Collected data entries:
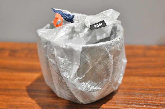 包み袋として、ザックの中に入れても傷がつかないようにクッカーを傷から守ることができます。特定のサイズのものだけでなく、さまざまなサイズのクッカーを包めることも魅力的ですね。
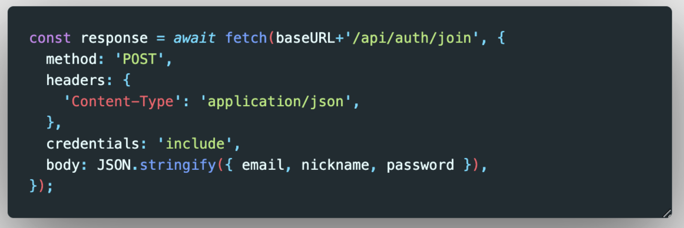 fetch를 이용해 브라우저에서 자격 증명이 포함된 인증서를 보낼 때 자격증명(credentials)에 대한 옵션을 추가해야 한다.
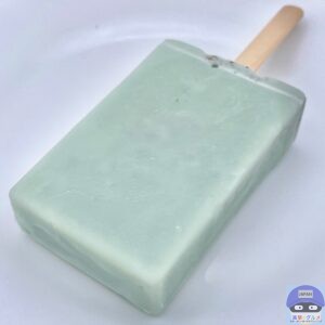 ミントアイスの中に、チョコチップ入りのミントかき氷を入れたアイスキャンディーです。
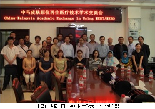 6月19日下午,馬來西亞醫(yī)生們與延安大學(xué)附屬醫(yī)院的醫(yī)務(wù)人員進行了學(xué)術(shù)交流。交流安排了三場再生醫(yī)學(xué)演講,分別由延大附屬醫(yī)院燒傷的李主任和楊主任以及來自馬來西亞的創(chuàng)面治療專家諾亞醫(yī)生。他們互相介紹了自己所在的醫(yī)院,以及再生技術(shù)的應(yīng)用,彼此做了再生醫(yī)學(xué)應(yīng)用方面的報告。其中,延大醫(yī)院的李主任講了再生技術(shù)在大面積燒傷,外傷,潰瘍及其它創(chuàng)面中的應(yīng)用;楊主任講解了微粒皮種植技術(shù)的規(guī)范操作,適應(yīng)癥,臨床優(yōu)勢等等。馬來西亞的諾亞醫(yī)生講解了再生技術(shù)在糖尿病潰瘍,蛇咬傷,靜脈潰瘍,及褥瘡方面的應(yīng)用。雙方醫(yī)務(wù)人員對交流會感到非常滿意,受益頗深。在隨后的答疑階段,馬來西亞的醫(yī)生們爭相提問,詢問各種創(chuàng)面的治療,并咨詢了相關(guān)的基礎(chǔ)研究,并要求會后繼續(xù)深入交流!
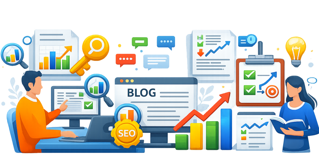 Content strategy is the process of planning, creating, and managing content that aligns with your business goals and audience needs. Blog optimization focuses on improving existing and new blog posts so they perform better in search engines.

▶ **TASK ITEM**:
The images are to be left out while the entries are written out exactly.

▶ **YOUR SOLUTION**:
 包み袋として、ザックの中に入れても傷がつかないようにクッカーを傷から守ることができます。特定のサイズのものだけでなく、さまざまなサイズのクッカーを包めることも魅力的ですね。
 fetch를 이용해 브라우저에서 자격 증명이 포함된 인증서를 보낼 때 자격증명(credentials)에 대한 옵션을 추가해야 한다.
 ミントアイスの中に、チョコチップ入りのミントかき氷を入れたアイスキャンディーです。
 6月19日下午,馬來西亞醫(yī)生們與延安大學(xué)附屬醫(yī)院的醫(yī)務(wù)人員進行了學(xué)術(shù)交流。交流安排了三場再生醫(yī)學(xué)演講,分別由延大附屬醫(yī)院燒傷的李主任和楊主任以及來自馬來西亞的創(chuàng)面治療專家諾亞醫(yī)生。他們互相介紹了自己所在的醫(yī)院,以及再生技術(shù)的應(yīng)用,彼此做了再生醫(yī)學(xué)應(yīng)用方面的報告。其中,延大醫(yī)院的李主任講了再生技術(shù)在大面積燒傷,外傷,潰瘍及其它創(chuàng)面中的應(yīng)用;楊主任講解了微粒皮種植技術(shù)的規(guī)范操作,適應(yīng)癥,臨床優(yōu)勢等等。馬來西亞的諾亞醫(yī)生講解了再生技術(shù)在糖尿病潰瘍,蛇咬傷,靜脈潰瘍,及褥瘡方面的應(yīng)用。雙方醫(yī)務(wù)人員對交流會感到非常滿意,受益頗深。在隨后的答疑階段,馬來西亞的醫(yī)生們爭相提問,詢問各種創(chuàng)面的治療,并咨詢了相關(guān)的基礎(chǔ)研究,并要求會后繼續(xù)深入交流!
 Content strategy is the process of planning, creating, and managing content that aligns with your business goals and audience needs. Blog optimization focuses on improving existing and new blog posts so they perform better in search engines.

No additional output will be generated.